My job is to make sure we’re meeting the mission of both the park and the school system. So we’re meeting park education goals but we’re also meeting the curriculum goals in helping students prepare for their life. Some of the lessons I will get a hand in—we have an archeology unit, so I get to relive those glory days, but mostly it’s ranger-led and there’s teacher-led units. Each of our grades go on between three and five field trips out to the park per year, and they’re all related to multiple curriculums. It’s never just science or just social studies. We work in math, we work in language arts, PE, guidance; so curriculum from across the board.

What does a typical Parks as Classrooms lesson look like?

They will look for and collect data. Sometimes we meet historical figures. For example, (those) in second grade go on an amazing trip to the Little Greenbriar Schoolhouse. They carry an old-time lunch that our cafeteria worked up for them, and they’re in pails. They get to walk the trail up the schoolhouse just like they would all those years ago, and they meet the schoolmarm. She takes them through what a morning at school would have been like back when it was Little Greenbriar Schoolhouse.
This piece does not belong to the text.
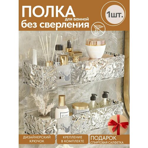 Полка для ванной без сверления прозрачная прямая, размер 28x11x6 см, moreso style, 1 шт
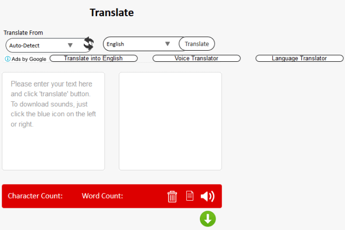 It’s not as easy to use as the first three on this list because you have to press Translate to get the translation on the output box. However, you can also hear the translation out loud, copy or download it.

Parks as Classrooms photos

How does the Parks as Classrooms program benefit students?

It’s a great equalizer. It allows everybody to have that success. In the classroom your traditional learners, they get to experience success because they can learn by reading or listening, but learners of other types have a lot more trouble with that. When you don’t experience success in education, it’s demotivating. So by having these experiences where they feel excited and they can be the ones that’s getting something right and doing something right, it motivates them to enjoy their education a lot more and try a lot more. We have a huge number of special needs and English language learner students, and they love it. They love going out on the trips because they don’t feel lost. Sometimes you feel lost in the classroom when you’re not a traditional learner. It makes it real for them, so it makes it easier for them to shine and show they know this knowledge, and when it comes to test time your brain stores that in a much different way as a memory, versus as something you’ve read or done a worksheet over. So it’s much easier to retrieve it.

How does this program impact the community aspect of education?

A lot of parents have been on these trips and seen and done these things, so I love this program because it brings in so much parent involvement and so much community involvement. The community really supports us and helps us fundraise for things like covering the cost of the bus and some of the materials that we need. It’s a great way to bring everybody together and create that community effort in education.

This conversation has been edited for length and clarity.